----- Dataset records -----

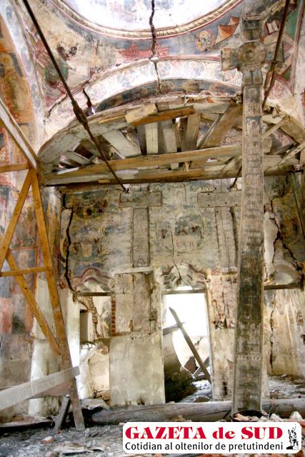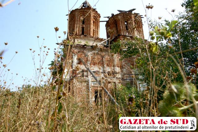 Pe întinderea aproape pustie, se mai vede lucrătură de om. Câţiva metri mai sus, pe o colină, ascunse de crengile copacilor, sunt două turle de biserică. Ce-a mai rămas din ea. E acolo din 1753. Legenda spune că Radu Ciobanul a avut un vis, în care Iisus Cristos i-a poruncit să ridice un locaş sfânt, chiar în locul acela. Dintr-un pom cu mai multe ramificaţii, bărbatul a cioplit câteva cruci. În faţa altarului, încă se vede crucea mare, plină de simboluri încrustate. Oamenii spun că, o vreme, în interiorul bisericii a curs un izvor cu apă tămăduitoare şi se strângeau bolnavii aici, să bea şi să se vindece. În ziduri, se desluşesc rămăşiţele din crucile de lemn de acum câteva sute de ani. Semne chirilice se observă în material. Cu ani în urmă, de Înălţare, spaţiul din jurul locaşului se umplea de credincioşi. „Mi-amintesc că mergeam cu bunica, când eram copil. Venea lume multă şi slujba se ţinea înăuntru. Într-o vreme, s-a încercat şi reabilitarea bisericii, dar apoi, Ceauşescu a desfiinţat Comisia monumentelor istorice, comuniştii au luat materiale şi le-au dus la CAP. Şi încet, încet, locaşul s-a degradat. Apoi familiile au plecat din Cruci. Acum mai vin credincioşii din Goieşti la Înălţare, la slujbă, că îşi au morţii îngropaţi aici“, povesteşte preotul comunei, Dumitru Staicu. Pe vreme bună, sătenii întind un cort în faţa bisericii. O improvizaţie din cărămizi aşezate una peste alta serveşte drept masă pentru Biblie.
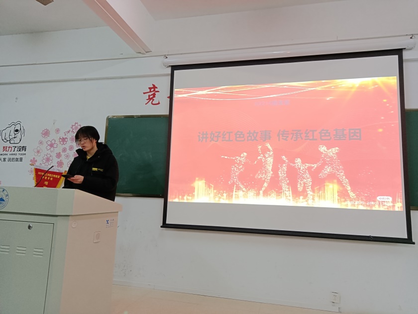 各班团支书循循善诱,带领同学们追忆革命风云历程,回顾“红色事迹”;围绕革命先烈、英雄模范的典型事迹,讲述“红色故事”;聚焦愈久弥坚的革命精神,发扬“红色精神”,营造传承红色基因的氛围,唤起广大青年团员对峥嵘岁月的回忆,激发厚植于心中的家国情怀。
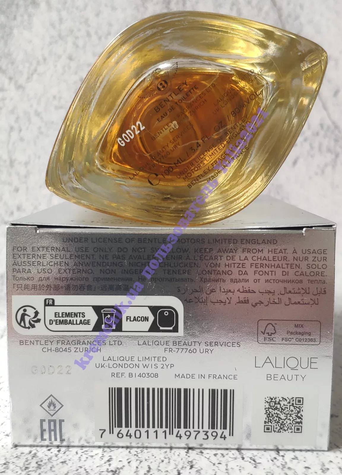 Британский бренд роскошных автомобилей Bentley создал свои первые ароматы для мужчин под названием Bentley for Men, Lalique for Bentley Crystal Edition и Bentley for Men Intense. Все парфюмы созданы в сотрудничестве с домом Lalique и отличаются выраженными нотами кожи и древесными аккордами, которые символизируют собой внутренний интерьер салона автомобиля дома Bentley. Создателем ароматов Bentley for Men стала парфюмер Натали Лорсон (Nathalie Lorson) из компании Firmenich. Композиция аромата Bentley for Men открывается аккордами черного перца, лаврового листа и бергамота, которые постепенно сменяются сердечными нотами кожи, рома, корицы и мускатного шалфея, завершаясь базовыми ароматами бензоина, мускуса, кедра и листьев пачули.
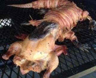 От одного вида этого монстра, с ног до хвоста завёрнутого в бекон и с целой курицей в зубастой пасти можно и аппетит потерять.
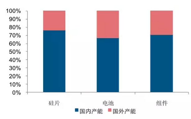 中國(guó)是全球光伏的主要生產(chǎn)國(guó),三大環(huán)節(jié)占比均接近 70%
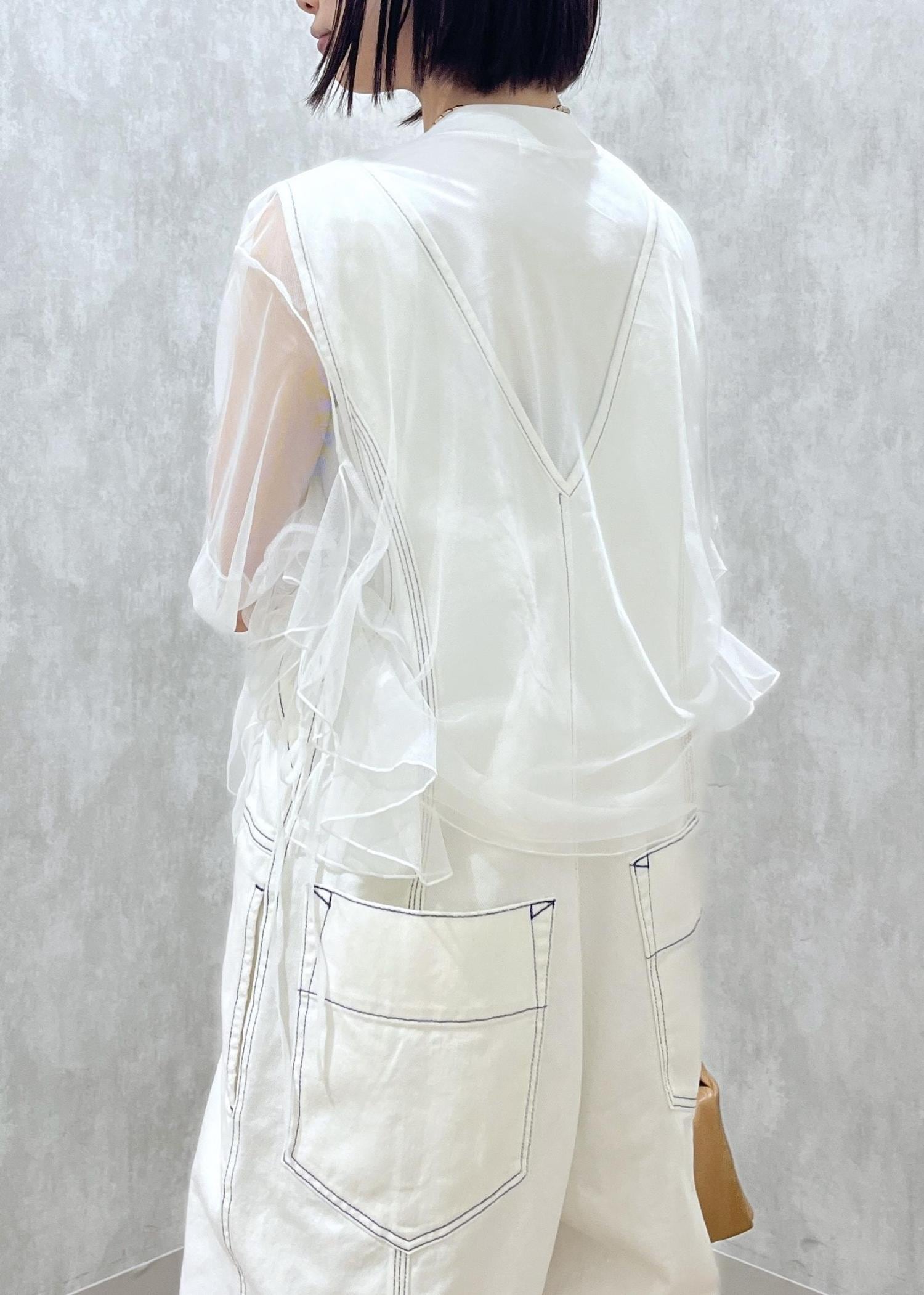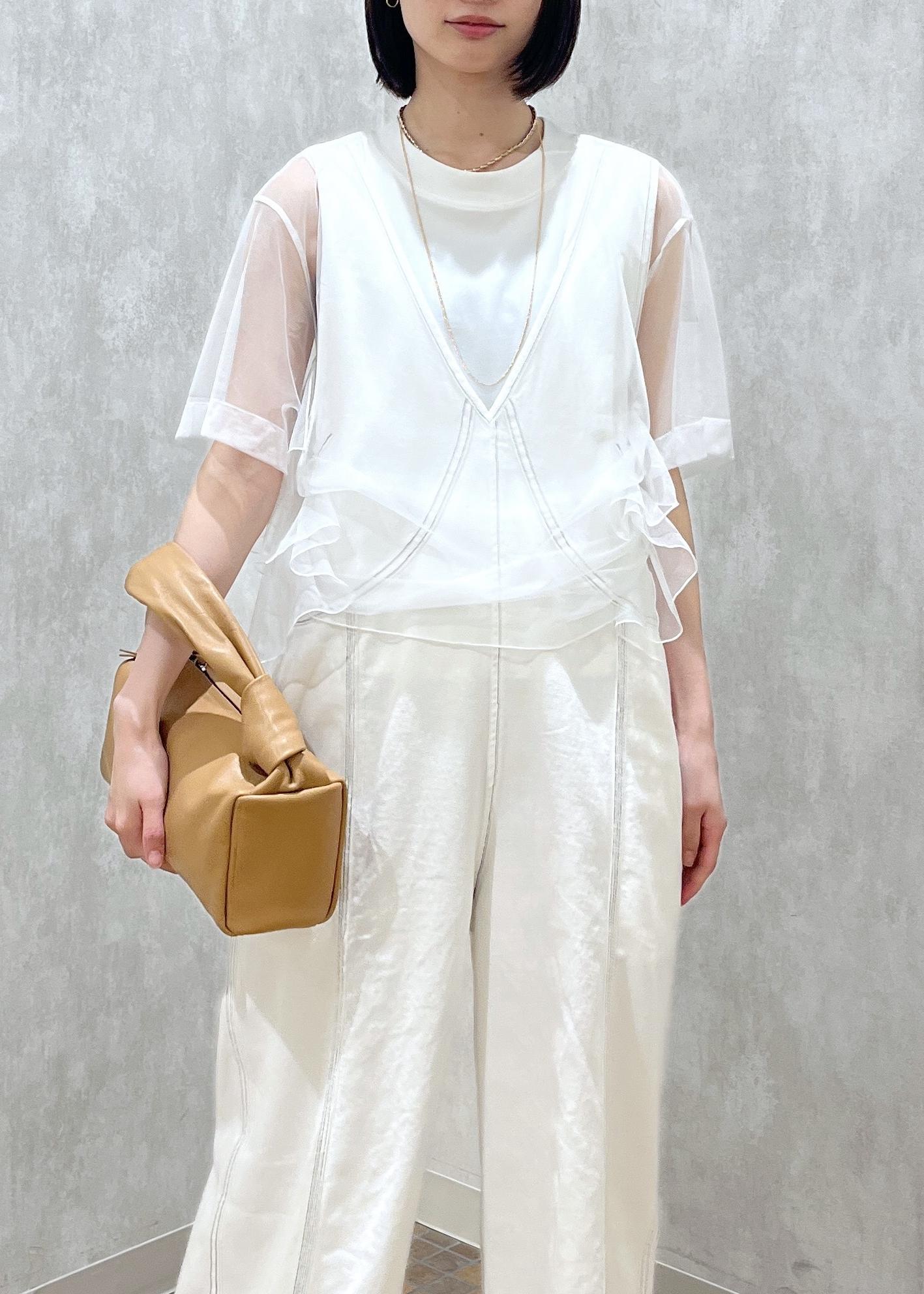 今回は昨年も大人気だった” ギャザーチュールトップス”を使ってコーディネートしてみました。
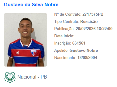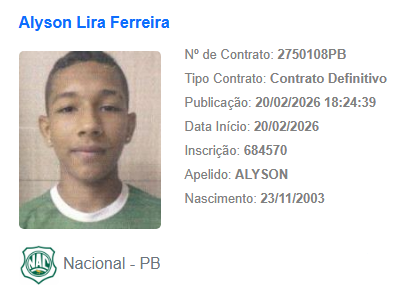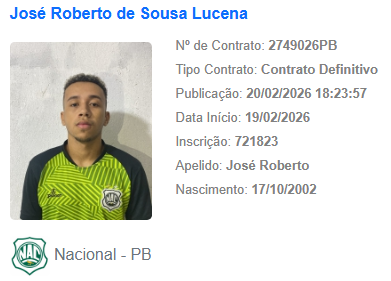 O Nacional de Patos regularizou dois jogadores junto ao BID da CBF nesta sexta-feira (20). Alyson e José Roberto podem atuar no próximo compromisso do Canário, contra o Treze, domingo (22), no estádio Amigão, em Campina Grande, pelo Campeonato Paraibano da Primeira Divisão de 2026. Mas na mesma página saiu o nome de Roberto Nobre, mais um atleta dispensado pelo clube nacionalino.
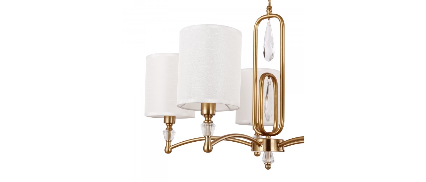 Материал арматуры – нержавеющая сталь, цвет – хром. Материал абажуров – текстиль на ПВХ, цвет – белый. Декор – прозрачное стекло. Акцентные стеклянные кристаллы на рожках со сложной огранкой...
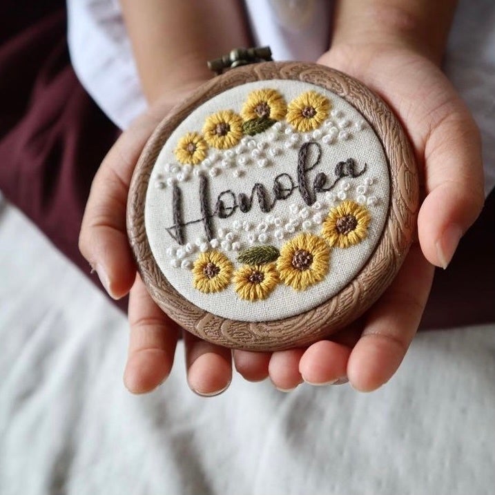 刺繍をしてあげた洋服を喜ぶ子供を見て、刺繍を取り入れた作品づくりをスタート。SNSを通じてオーダースタイやネームチャームの販売の他、対面販売のイベントに年2回ほど出展するなど活動の幅を広げている。
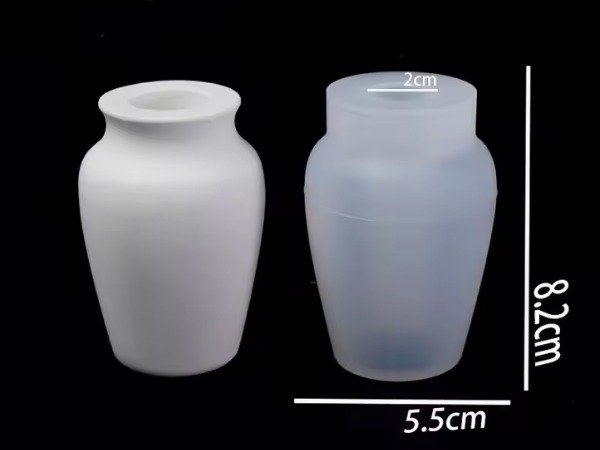 Molde de silicona flexible para crear un florero/jarroncito de líneas clásicas con cuello abierto. Ideal para jesmonita, cemento, resina epoxi o yeso, logrando piezas prolijas, pesadas y con look elegante.
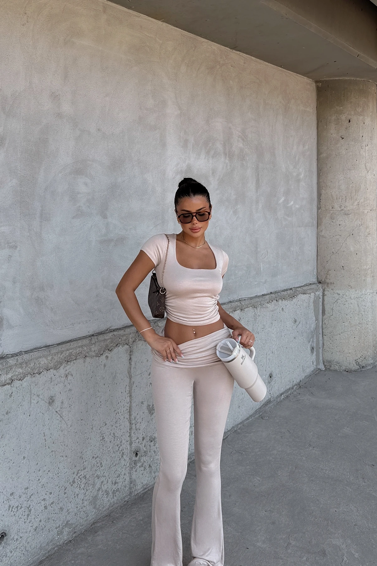 Beige Trouser Suit Size S is used in the image. It is made of single jersey fabric. Suit top length 45 cm, Chest 31 cm, Bottom length 104 cm, Waist 32 cm ​ Model Measurements Height: 160 Weight: 50 Chest: 80 Waist: 62 Hip: 94
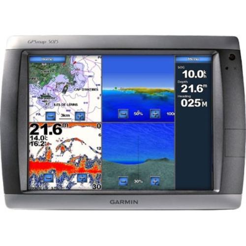 Морской навигатор Garmin GPSMAP 5015w GPS 17x NMEA 2000 - это довольно внушительный картплоттер, который управляется при помощи сенсорного экрана. В прибор уже загружена спутниковая карта мира, которая способна предоставить довольно подробную навигационную информацию. К тому же, вы можете добавить различные дополнительные устройства - эхолот, радар или приемник метеосводок.

-----

→ What you are asked to do: What you return must match each record exactly and contain no images.

→ Output for this exercise:
 Pe întinderea aproape pustie, se mai vede lucrătură de om. Câţiva metri mai sus, pe o colină, ascunse de crengile copacilor, sunt două turle de biserică. Ce-a mai rămas din ea. E acolo din 1753. Legenda spune că Radu Ciobanul a avut un vis, în care Iisus Cristos i-a poruncit să ridice un locaş sfânt, chiar în locul acela. Dintr-un pom cu mai multe ramificaţii, bărbatul a cioplit câteva cruci. În faţa altarului, încă se vede crucea mare, plină de simboluri încrustate. Oamenii spun că, o vreme, în interiorul bisericii a curs un izvor cu apă tămăduitoare şi se strângeau bolnavii aici, să bea şi să se vindece. În ziduri, se desluşesc rămăşiţele din crucile de lemn de acum câteva sute de ani. Semne chirilice se observă în material. Cu ani în urmă, de Înălţare, spaţiul din jurul locaşului se umplea de credincioşi. „Mi-amintesc că mergeam cu bunica, când eram copil. Venea lume multă şi slujba se ţinea înăuntru. Într-o vreme, s-a încercat şi reabilitarea bisericii, dar apoi, Ceauşescu a desfiinţat Comisia monumentelor istorice, comuniştii au luat materiale şi le-au dus la CAP. Şi încet, încet, locaşul s-a degradat. Apoi familiile au plecat din Cruci. Acum mai vin credincioşii din Goieşti la Înălţare, la slujbă, că îşi au morţii îngropaţi aici“, povesteşte preotul comunei, Dumitru Staicu. Pe vreme bună, sătenii întind un cort în faţa bisericii. O improvizaţie din cărămizi aşezate una peste alta serveşte drept masă pentru Biblie.
 各班团支书循循善诱,带领同学们追忆革命风云历程,回顾“红色事迹”;围绕革命先烈、英雄模范的典型事迹,讲述“红色故事”;聚焦愈久弥坚的革命精神,发扬“红色精神”,营造传承红色基因的氛围,唤起广大青年团员对峥嵘岁月的回忆,激发厚植于心中的家国情怀。
 Британский бренд роскошных автомобилей Bentley создал свои первые ароматы для мужчин под названием Bentley for Men, Lalique for Bentley Crystal Edition и Bentley for Men Intense. Все парфюмы созданы в сотрудничестве с домом Lalique и отличаются выраженными нотами кожи и древесными аккордами, которые символизируют собой внутренний интерьер салона автомобиля дома Bentley. Создателем ароматов Bentley for Men стала парфюмер Натали Лорсон (Nathalie Lorson) из компании Firmenich. Композиция аромата Bentley for Men открывается аккордами черного перца, лаврового листа и бергамота, которые постепенно сменяются сердечными нотами кожи, рома, корицы и мускатного шалфея, завершаясь базовыми ароматами бензоина, мускуса, кедра и листьев пачули.
 От одного вида этого монстра, с ног до хвоста завёрнутого в бекон и с целой курицей в зубастой пасти можно и аппетит потерять.
 中國(guó)是全球光伏的主要生產(chǎn)國(guó),三大環(huán)節(jié)占比均接近 70%
 今回は昨年も大人気だった” ギャザーチュールトップス”を使ってコーディネートしてみました。
 O Nacional de Patos regularizou dois jogadores junto ao BID da CBF nesta sexta-feira (20). Alyson e José Roberto podem atuar no próximo compromisso do Canário, contra o Treze, domingo (22), no estádio Amigão, em Campina Grande, pelo Campeonato Paraibano da Primeira Divisão de 2026. Mas na mesma página saiu o nome de Roberto Nobre, mais um atleta dispensado pelo clube nacionalino.
 Материал арматуры – нержавеющая сталь, цвет – хром. Материал абажуров – текстиль на ПВХ, цвет – белый. Декор – прозрачное стекло. Акцентные стеклянные кристаллы на рожках со сложной огранкой...
 刺繍をしてあげた洋服を喜ぶ子供を見て、刺繍を取り入れた作品づくりをスタート。SNSを通じてオーダースタイやネームチャームの販売の他、対面販売のイベントに年2回ほど出展するなど活動の幅を広げている。
 Molde de silicona flexible para crear un florero/jarroncito de líneas clásicas con cuello abierto. Ideal para jesmonita, cemento, resina epoxi o yeso, logrando piezas prolijas, pesadas y con look elegante.
 Beige Trouser Suit Size S is used in the image. It is made of single jersey fabric. Suit top length 45 cm, Chest 31 cm, Bottom length 104 cm, Waist 32 cm ​ Model Measurements Height: 160 Weight: 50 Chest: 80 Waist: 62 Hip: 94
 Морской навигатор Garmin GPSMAP 5015w GPS 17x NMEA 2000 - это довольно внушительный картплоттер, который управляется при помощи сенсорного экрана. В прибор уже загружена спутниковая карта мира, которая способна предоставить довольно подробную навигационную информацию. К тому же, вы можете добавить различные дополнительные устройства - эхолот, радар или приемник метеосводок.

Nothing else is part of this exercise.